Employee Share Schemes
At Lotus Amity we are engaged by clients and advisors to prepare valuation reports for Employee Share Schemes (ESSs).
ESSs are created to allow ownership of company shares by employees either:
- through a beneficial interest in a share, or
- through a right to acquire a beneficial interest (Employee Share Option Plan or ESOP).
Market values of the ESS interests to be transferred are often requested for ATO reporting requirements.
Experience
Previous valuation engagements for ESS purposes include:
- Valuation of the shares in a tech start-up providing a marketplace for auto services. ATO compliant valuation report provided in relation to a buy-back of ESS Shares and to issue new ESS shares. Lotus Amity analysed monthly revenue and profit by service, vehicles under management, customer subscription agreements, working capital, shareholder loans, contingent liabilities and internal share transactions and adopted an income and market approach.
- Valuation of the ordinary shares in a superannuation management, administration, advisory and promoter group. Valuation prepared to assist in the valuation of the options per the employee share option plan. The group included recent business acquisitions, preference shares, options, convertible notes, recent capital raises and more than a hundred shareholders. Lotus Amity analysed the investment and management agreements, the business acquisitions and capital raises, preference share terms and share transfers, past and forecast FUM, revenue and profitability, expense composition, cost reduction strategy and industry benchmarks. To value the business, post-acquisition proforma revenue, margins and liquidity and discounts rates were modelled using a DCF income approach and guideline publicly traded companies, comparable transactions and prior transactions were considered under a market approach. To value the ordinary shares, the values and impact of the preference shares and options were modelled and deducted.

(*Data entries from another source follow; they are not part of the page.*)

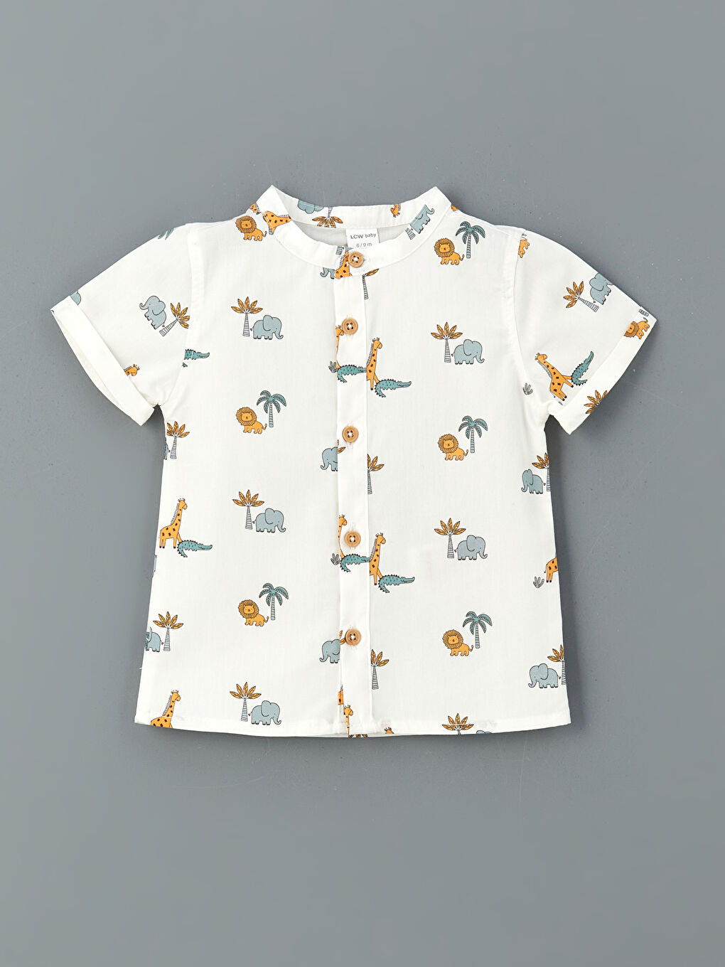 پیراهن نوزاد پسرانه با یقه نارنگی و آستین کوتاه از پارچه طرح دار حیوانات ساخته شده است و جلو دکمه دار است.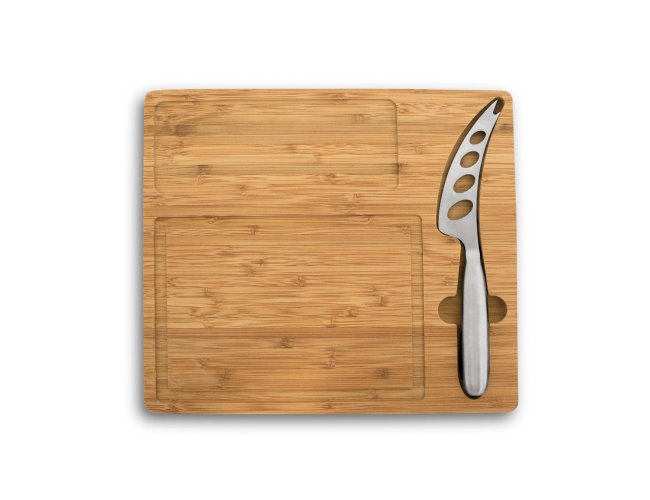 Tábua de queijos em bambu com faca inclusa. Fornecido em caixa presente de papel kraft reciclado. Certificação EU Food Grade. A cor e o resultado da impressão nos materiais naturais pode variar entre produtos.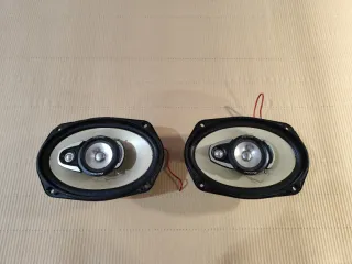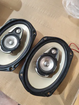 Pareja de altavoces Pioneer TS-A6957 de la mítica Serie A. Ideales para la bandeja trasera del coche o para proyectos de restauración de audio. ⏩Especificaciones técnicas: Tipo: Coaxiales de 3 vías. Tamaño: 6x9 pulgadas (aprox. 16x24 cm). Potencia: 180W Max / 40W Nominal (RMS). Impedancia: 4 Ohmios. ⏩Estado: En buen estado y funcionando correctamente. Sin roturas graves.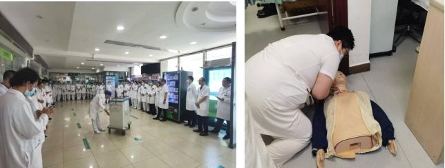 二门诊长期注重急救能力的培训和流程的优化管理,针对不同的科室、点位制定急救流程,并在吴晓静护士长、高延秋急救组长的组织下反复进行全员培训与急救演练。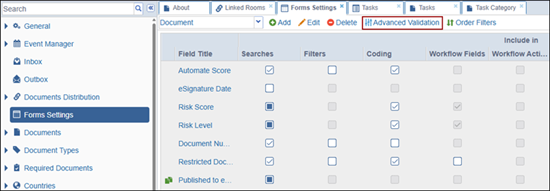 - Click Add in the Advanced Fields Validation panel on the left to add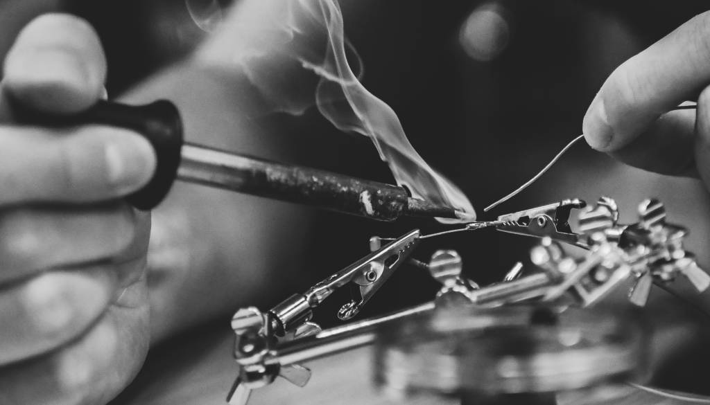 Na delavnici boš poleg ostalih elementov v vijoličasto ohišje spajkal tudi majhne led lučke, ki bodo tvorile ekranček večjih “pikslov” in bodo prikazovale tekst ali pa celo preproste animacije!
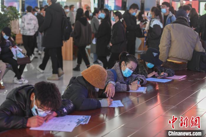 求職者在招聘會(huì)上填寫個(gè)人信息。貢嘎來(lái)松 攝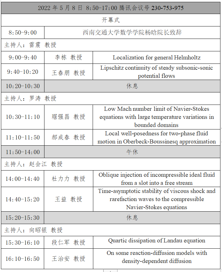 将于2022年5月8日以腾讯会议的方式举办“偏微分方程小型研讨会”。本次学术会议将以学术报告的形式围绕偏微分方程研究展开讨论,旨在深入探讨该领域的一些最新研究成果,同时促进 av解说

Per the ATO, the rules in Division 83A of the Income Tax Assessment Act 1997, which deal with ESS interests acquired under an ESS, do not define market value. Nor do they prescribe any method for determining the market value of a listed share acquired under an ESS.
Market value is therefore given its ordinary meaning, for which the principles in case law and the International Valuation Standards Council (IVSC) are principally relevant.